Chu C A, Sindelar D K, Neal D W, Cherrington A D
Department of Molecular Physiology and Biophysics, Vanderbilt University School of Medicine, Nashville, Tennessee 37232-0615, USA.
Am J Physiol. 1996 Jul;271(1 Pt 1):E127-37. doi: 10.1152/ajpendo.1996.271.1.E127.
The effects of catecholamines (CATS) infused into the hepatic portal vein were studied in ten 18-h-fasted conscious dogs. Glucose production (GP) and gluconeogenesis (GNG) were assessed using tracer ([3H]glucose, [14C]alanine) and arteriovenous difference techniques.
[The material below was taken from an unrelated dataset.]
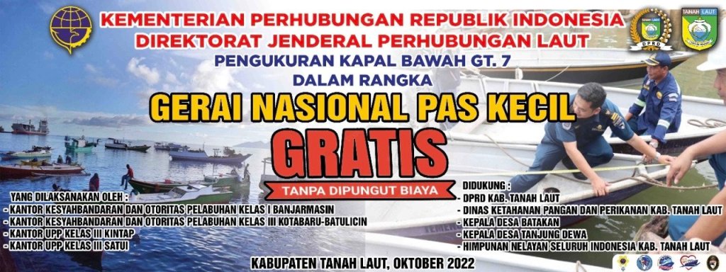 Kementerian Perhubungan Cq Direktorat Jenderal Perhubungan Laut melalui Kantor Kesyahbadaran dan Otoritas Pelabuhan ( KSOP) Kelas I Banjarmasin dan UPT Direktorat Jenderal Perhubungan Laut (DPJL) menyelenggarakan Gerai Nasional Pas Kecil Gratis Tahun 2022 di wilayah Kalimantan Selatan.

Each experiment consisted of a 100-min equilibration, a 40-min basal, and two 90-min test periods. A pancreatic clamp (somatostatin + basal portal insulin and glucagon) was used to fix insulin and glucagon at basal levels. Propranolol (1 microgram.kg-1.min-1) and phentolamine (2 micrograms.kg-1.min-1) were infused intraportally during both test periods of the blockade group while a carrier solution was infused in the control group. Norepinephrine (NE; 100 ng.kg-1.min-1) and epinephrine (Epi; 40 ng.kg-1.min-1) were infused intraportally during the second test period of both protocols. Portal NE (70 +/- 46 to 8,404 +/- 674 and 162 +/- 57 to 6,530 +/- 624 pg/ml, respectively) and portal Epi (21 +/- 11 to 3,587 +/- 309 and 29 +/- 6 to 2,989 +/- 406 pg/ml, respectively) rose in the control and adrenergic blockade groups, respectively. The increases in arterial NE and Epi were modest in both groups. Intraportal infusion of CATS increased GP from 2.1 +/- 0.2 to 6.2 +/- 1.0 mg.kg-1.min-1 in the control group but did not change it (2.7 +/- 0.4 to 2.7 +/- 0.3 mg.kg-1.min-1) in the blockade group. Portal CATS had no effect on GNG in the presence or absence of adrenergic blockade (GNG rose from 0.7 +/- 0.2 to 0.9 +/- 0.2 and 0.8 +/- 0.2 to 1.0 +/- 0.2 mg.kg-1.min-1 in the control and blockade groups, respectively). In conclusion, portal infusion of catecholamines significantly augmented GP by selectively stimulating glycogenolysis. The increase in hepatic GP could be completely inhibited by intraportal adrenergic blockade.
在10只禁食18小时的清醒犬中研究了经肝门静脉注入儿茶酚胺(CATS)的作用。使用示踪剂([3H]葡萄糖、[14C]丙氨酸)和动静脉差技术评估葡萄糖生成(GP)和糖异生(GNG)。每个实验包括100分钟的平衡期、40分钟的基础期和两个90分钟的测试期。采用胰腺钳夹(生长抑素+基础门静脉胰岛素和胰高血糖素)将胰岛素和胰高血糖素固定在基础水平。在阻断组的两个测试期内经门静脉注入普萘洛尔(1微克·千克-1·分钟-1)和酚妥拉明(2微克·千克-1·分钟-1),而在对照组注入载体溶液。在两个方案的第二个测试期内经门静脉注入去甲肾上腺素(NE;100纳克·千克-1·分钟-1)和肾上腺素(Epi;40纳克·千克-1·分钟-1)。对照组和肾上腺素能阻断组的门静脉NE(分别从70±46升至8404±674和162±57升至6530±624皮克/毫升)和门静脉Epi(分别从21±11升至3587±309和29±6升至2989±406皮克/毫升)均升高。两组动脉NE和Epi的升高幅度均较小。在对照组中,经门静脉注入CATS使GP从2.1±0.2增加至6.2±1.0毫克·千克-1·分钟-1,但在阻断组中未使其改变(从2.7±0.4至2.7±0.3毫克·千克-1·分钟-1)。在有无肾上腺素能阻断的情况下,门静脉CATS对GNG均无影响(对照组和阻断组的GNG分别从0.7±0.2升至0.9±0.2和从0.8±0.2升至1.0±0.2毫克·千克-1·分钟-1)。总之,经门静脉注入儿茶酚胺通过选择性刺激糖原分解显著增强了GP。肝GP的升高可通过经门静脉的肾上腺素能阻断完全抑制。